Mali et Algérie : un rapprochement diplomatique en marche ?

Mali et Algérie : un rapprochement diplomatique en marche ?

Drapeaux du Mali et de l'Algérie flottant côte à côte

Les tensions entre Bamako et Alger ont connu un pic en avril 2025, après l’incident d’un drone algérien abattu par les forces maliennes. Alger reprochait à son voisin une violation de son espace aérien, une accusation fermement rejetée par le gouvernement malien.

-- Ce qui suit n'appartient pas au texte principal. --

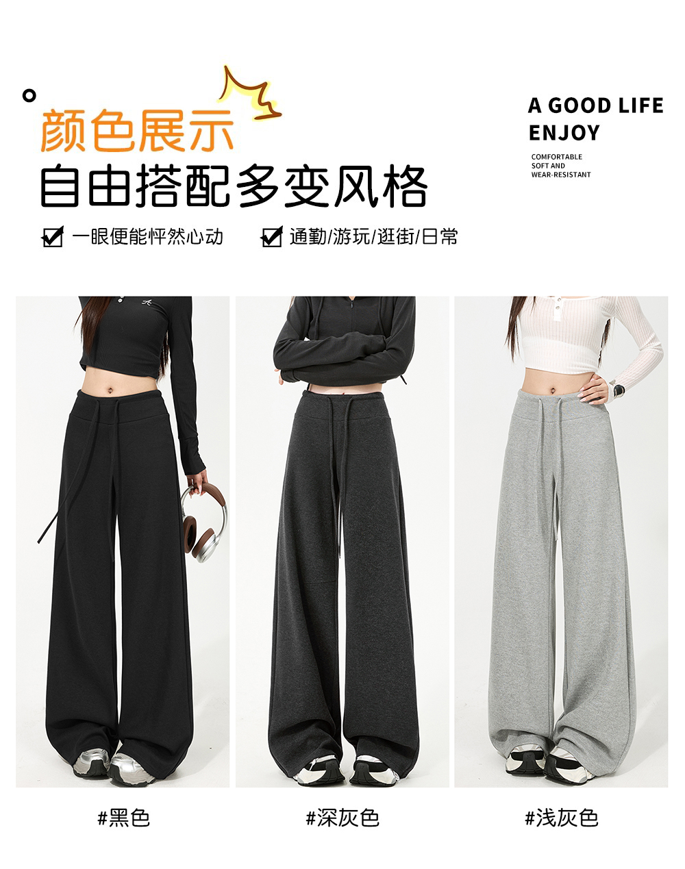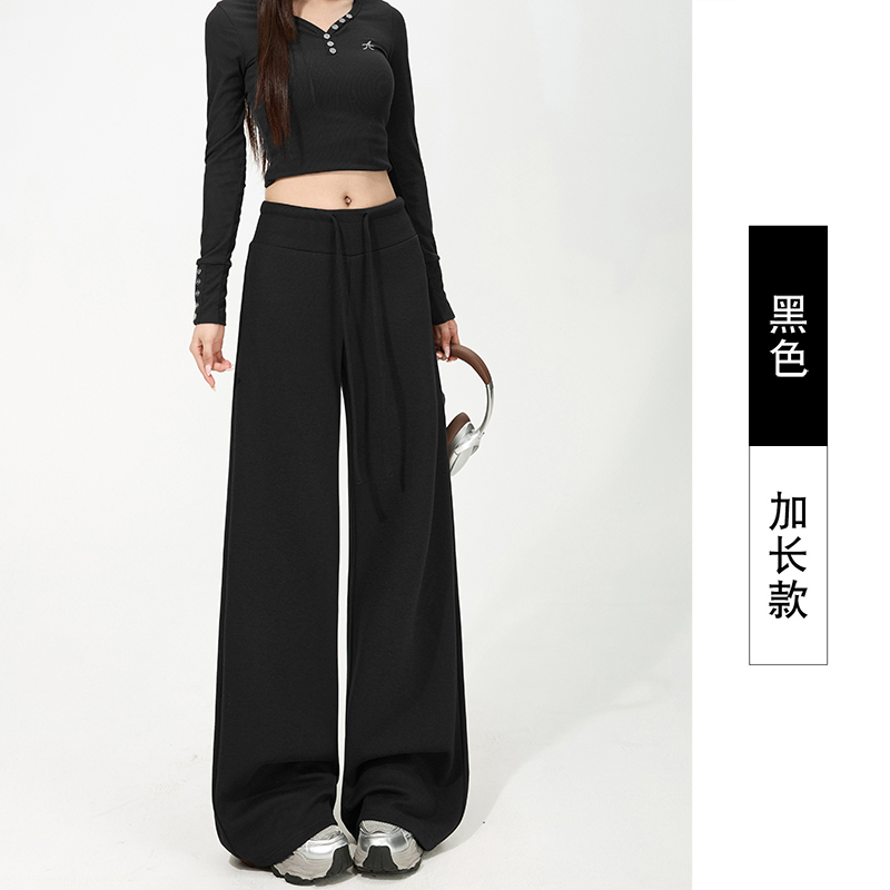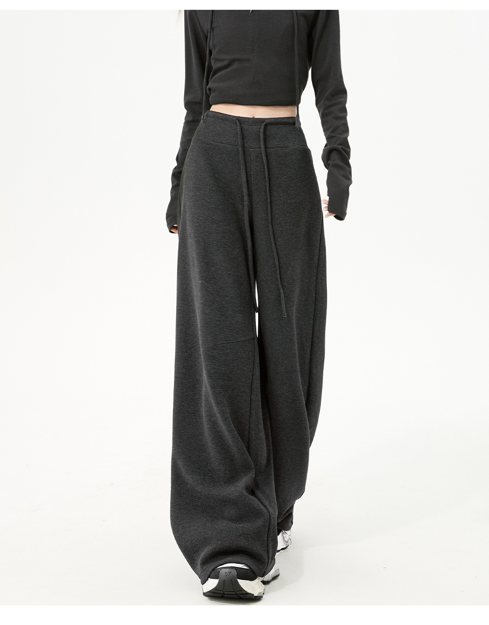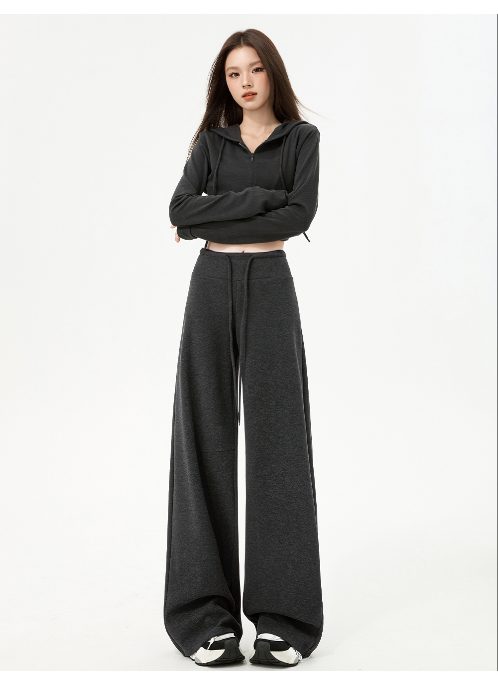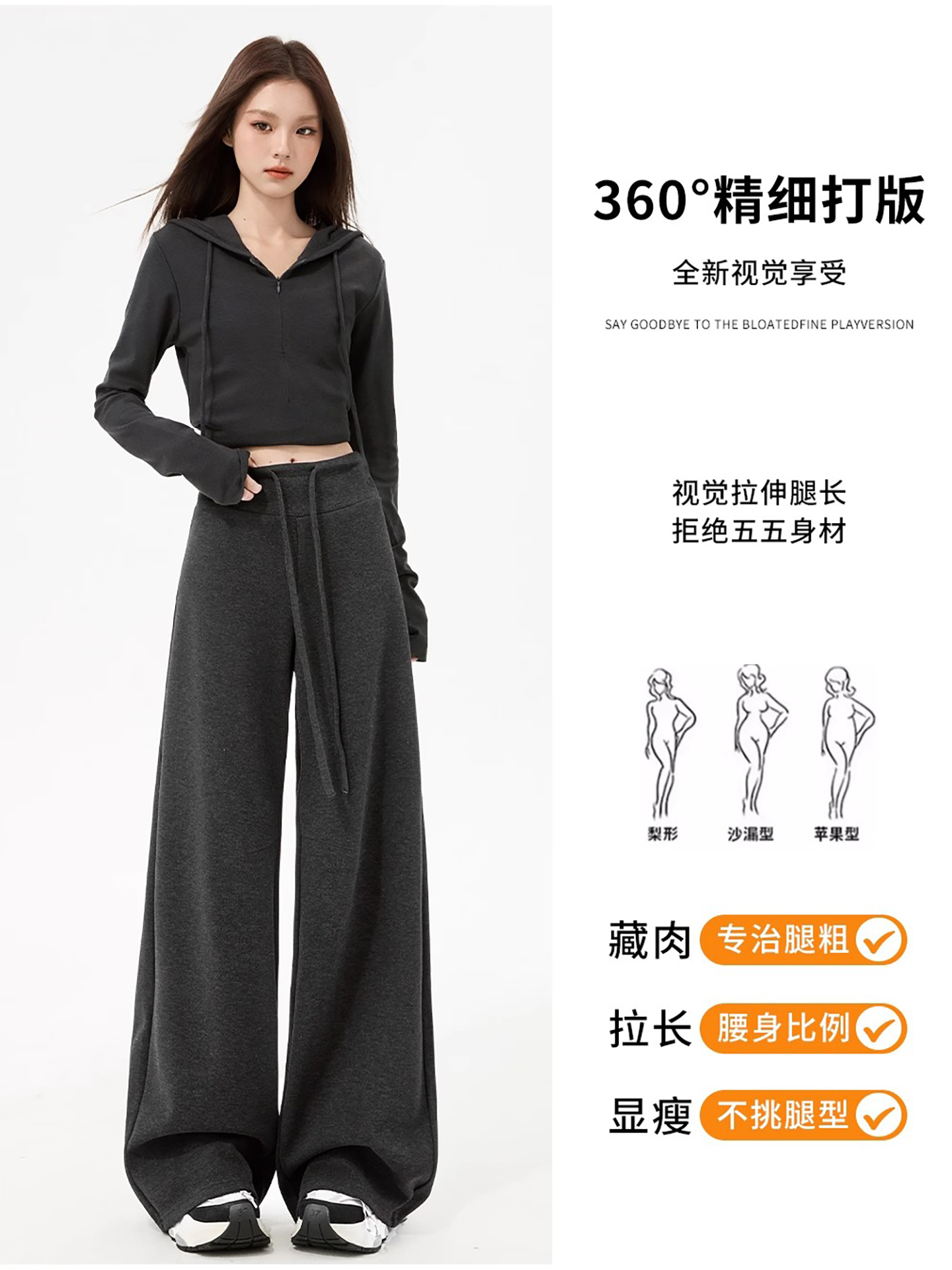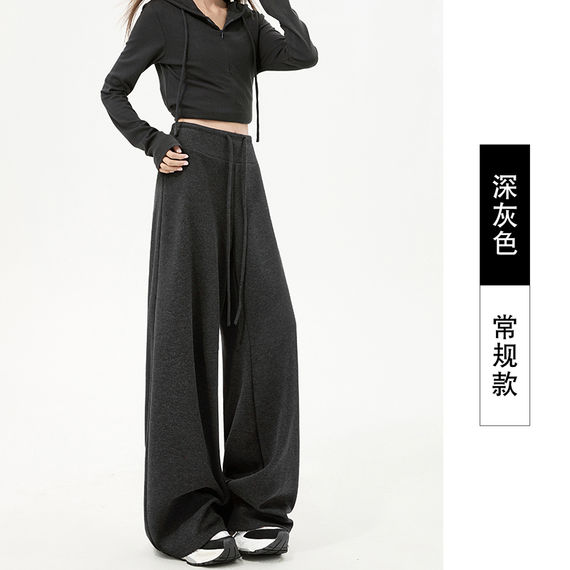 灰色加绒加厚运动裤女2025新款秋冬瑜伽直筒阔腿裤窄版显瘦卫裤子

En représailles, le Mali avait décrété la fermeture de son espace aérien, alors que les deux nations partagent plus de 1 300 kilomètres de frontière.

Cependant, le 10 juillet dernier, un tournant s’est produit avec l’annonce de mesures concrètes pour rétablir le dialogue. Les deux pays ont notamment acté le retour de leurs ambassadeurs respectifs et la réouverture de leurs espaces aériens.

Cette volonté de réconciliation s’est encore renforcée lors d’un échange téléphonique entre le Premier ministre algérien Sifi Ghrieb et son homologue malien, ouvrant la voie à une visite officielle.

Des enjeux sécuritaires communs dans le Sahel

Mohamed Amara, sociologue spécialiste des questions sahéliennes, souligne que ce rapprochement s’inscrit dans un contexte régional marqué par la montée des groupes armés. « Ce dialogue permet avant tout de rétablir une stabilité indispensable pour faire face aux défis sécuritaires qui touchent le Sahel, même si l’Algérie n’est pas directement exposée aux mêmes menaces que ses voisins », explique-t-il.

Pour Alger, cette initiative répond à un double objectif : renforcer sa position de leader régional et sécuriser sa frontière avec le Mali. « L’Algérie cherche à reprendre le contrôle de la situation, notamment en s’appuyant sur son partenariat avec la Fédération de Russie, un acteur clé pour les deux États », précise l’expert.

Quels bénéfices pour le Mali ?

Du côté malien, les motivations sont tout aussi stratégiques. « Le Mali a tout intérêt à normaliser ses relations avec l’Algérie pour sécuriser sa frontière et éviter qu’elle ne devienne une zone de transit pour les groupes armés », analyse Mohamed Amara.

Autre priorité : relancer le dialogue politique, notamment avec les groupes rebelles de l’Azawad. Une reprise des négociations pourrait ainsi contribuer à stabiliser le pays, déjà fragilisé par une crise politique persistante.

Un impact sur les équilibres géopolitiques du Sahel ?

Si les dynamiques régionales n’ont pas radicalement changé depuis 2020, ce rapprochement pourrait marquer un tournant. « Ce qui est significatif, c’est la réintégration de l’Algérie dans le jeu diplomatique sahélien, ainsi que le rôle accru de la Russie, déjà partenaire militaire de Bamako et Alger », souligne le sociologue.

Cette évolution pourrait ainsi redéfinir les alliances et les rapports de force au Sahel, où la stabilité reste un enjeu majeur pour l’ensemble des acteurs locaux et internationaux.